Пройдет время, кончится война, и люди, переведя дух от всего пережитого за эти годы, попытаются осмыслить то, что произошло, и, проанализировав события, связанные с войной, придут к выводу, что одной из причин гибели коричневой чумы была переоценка ею своих сил и недооценка противостоящей стороны. Переоценка одного и недооценка другого имела, по-видимому, глубинный исток, питавший длительное время почву, на которой буйно прорастали планы горе-завоевателей и пышно расцвела расовая теория.
Лариса была маленькой песчинкой в огромном океане событий, но и она чувствовала на себе это пренебрежение, эту недооценку. Штрекер играл ею, как кошка мышкой. Он мог посадить ее в тюрьму или казнить, мог выпустить из тюрьмы и дать работу, а мог и не дать работы, чтобы она умерла с голоду. Все он мог. Не мог только знать, что творится в ее душе, что она думает, чем живет и что может. Но это его не интересовало вовсе. «На многое ли способна запуганная девчонка из завоеванного нами далекого городка? Она будет думать и делать так, как я захочу. Наверняка она связана с подпольщиками или партизанами». Почему не поиграть ею, если имеется строгий приказ нащупать следы партизан в своем районе? И он играл. В какой-то мере это даже доставляло ему удовольствие. В конце концов, не выгорит с партизанами, он использует ее в каком-нибудь другом деле. Смазливая девчонка всегда пригодится. Он выпустил ее из тюрьмы, но приказал на работу не принимать. Пусть помыкается, пусть поголодает.
Голод и холод заставляли ее искать хоть какой-нибудь заработок. Ходила ежедневно на биржу, но там с нею не желали даже разговаривать. Почти все предприятия и учреждения бездействовали. А жить было не на что, и она голодала в буквальном смысле. Эта зима была самой трудной и страшной, наступил момент, когда силы совсем иссякли, и она потеряла всякую надежду ее пережить.
Однажды ночью, вконец отчаявшись, сунула в карман кусок ржаной лепешки – все, что осталось в доме, – и тайком через соседний двор, задами пробралась на окраину. Идти было трудно, едва волокла опухнувшие ноги. Почти до рассвета плутала по лесам, увязая в снегу, кричала, звала неизвестно кого, в каком-то хуторе долго стучалась в окно, дверь не отворили, в другом месте напоролась на пьяного полицая, видно, уснувшего на посту, поднялась стрельба, только чудом удалось уйти. И сама не поняла, как снова вышла к заброшенному кирпичному заводу, миновав заставу на развилке. В беспамятстве протащилась дворами к дому и упала на диван полумертвая; так и уснула, не раздеваясь.

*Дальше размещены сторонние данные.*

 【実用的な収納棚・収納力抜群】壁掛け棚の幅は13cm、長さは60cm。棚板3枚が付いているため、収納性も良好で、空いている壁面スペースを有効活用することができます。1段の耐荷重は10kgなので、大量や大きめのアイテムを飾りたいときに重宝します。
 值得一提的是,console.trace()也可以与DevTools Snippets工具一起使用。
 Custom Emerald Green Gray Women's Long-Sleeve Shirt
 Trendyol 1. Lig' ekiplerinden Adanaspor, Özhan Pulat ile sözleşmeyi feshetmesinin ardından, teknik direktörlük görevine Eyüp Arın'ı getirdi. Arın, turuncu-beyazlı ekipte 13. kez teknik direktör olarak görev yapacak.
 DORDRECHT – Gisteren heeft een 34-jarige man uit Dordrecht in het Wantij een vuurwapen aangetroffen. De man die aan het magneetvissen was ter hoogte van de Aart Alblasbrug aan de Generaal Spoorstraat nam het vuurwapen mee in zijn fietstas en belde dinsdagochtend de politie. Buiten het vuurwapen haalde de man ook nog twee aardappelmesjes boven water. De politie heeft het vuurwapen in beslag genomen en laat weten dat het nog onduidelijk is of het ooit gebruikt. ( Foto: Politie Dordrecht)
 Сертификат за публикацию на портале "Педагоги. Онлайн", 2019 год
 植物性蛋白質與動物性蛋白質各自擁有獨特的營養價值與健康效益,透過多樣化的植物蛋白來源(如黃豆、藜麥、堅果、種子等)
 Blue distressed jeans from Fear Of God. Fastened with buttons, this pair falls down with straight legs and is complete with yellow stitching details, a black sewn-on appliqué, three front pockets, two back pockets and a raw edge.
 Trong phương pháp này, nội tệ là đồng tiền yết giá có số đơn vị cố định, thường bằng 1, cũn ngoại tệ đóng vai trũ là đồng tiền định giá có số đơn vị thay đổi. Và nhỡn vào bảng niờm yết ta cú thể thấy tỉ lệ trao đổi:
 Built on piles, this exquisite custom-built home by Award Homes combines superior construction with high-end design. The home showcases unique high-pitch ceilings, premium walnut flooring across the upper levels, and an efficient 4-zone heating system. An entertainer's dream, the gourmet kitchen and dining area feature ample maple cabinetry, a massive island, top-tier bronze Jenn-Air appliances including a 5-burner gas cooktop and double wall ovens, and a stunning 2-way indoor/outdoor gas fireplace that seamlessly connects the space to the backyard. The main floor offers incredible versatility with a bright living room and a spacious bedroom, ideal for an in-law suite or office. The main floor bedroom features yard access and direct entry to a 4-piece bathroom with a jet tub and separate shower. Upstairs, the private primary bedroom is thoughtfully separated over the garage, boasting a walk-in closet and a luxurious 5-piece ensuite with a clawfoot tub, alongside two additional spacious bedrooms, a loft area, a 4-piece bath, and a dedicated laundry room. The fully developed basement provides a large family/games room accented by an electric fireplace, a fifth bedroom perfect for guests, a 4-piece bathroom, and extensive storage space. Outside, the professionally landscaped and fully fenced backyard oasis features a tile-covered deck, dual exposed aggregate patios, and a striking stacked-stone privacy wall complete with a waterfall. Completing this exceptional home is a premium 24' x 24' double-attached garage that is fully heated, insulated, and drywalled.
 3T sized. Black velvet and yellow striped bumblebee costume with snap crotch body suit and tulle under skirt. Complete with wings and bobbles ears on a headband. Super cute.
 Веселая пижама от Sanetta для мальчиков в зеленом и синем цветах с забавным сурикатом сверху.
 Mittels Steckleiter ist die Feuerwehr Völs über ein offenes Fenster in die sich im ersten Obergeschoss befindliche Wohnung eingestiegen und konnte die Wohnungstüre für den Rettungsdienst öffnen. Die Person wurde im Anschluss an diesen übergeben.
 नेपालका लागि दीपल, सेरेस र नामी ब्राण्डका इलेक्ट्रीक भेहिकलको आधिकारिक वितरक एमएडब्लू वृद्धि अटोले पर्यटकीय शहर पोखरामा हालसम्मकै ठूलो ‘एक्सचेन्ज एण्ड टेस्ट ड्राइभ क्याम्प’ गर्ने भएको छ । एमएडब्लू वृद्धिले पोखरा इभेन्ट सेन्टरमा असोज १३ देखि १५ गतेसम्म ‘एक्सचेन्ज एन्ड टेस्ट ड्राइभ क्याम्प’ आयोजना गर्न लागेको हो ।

Днем, очнувшись, сказала себе: это конец…
Но свет не без добрых людей. Как-то в январе сосед поехал в село раздобыть кое-что из продуктов и, зная о бедственном положении девушки, взял ее с собой. Удалось достать мешок картошки, который и помог ей отодвинуть срок голодной смерти.
А в один из февральских дней ее вызвали в комендатуру. Пожилой ефрейтор, посмотрев ее документы, сказал:
– Будешь работать в комендатуре. Уборщик. Ферштейн?
Лариса кивнула и с того дня стала уборщицей в комендатуре.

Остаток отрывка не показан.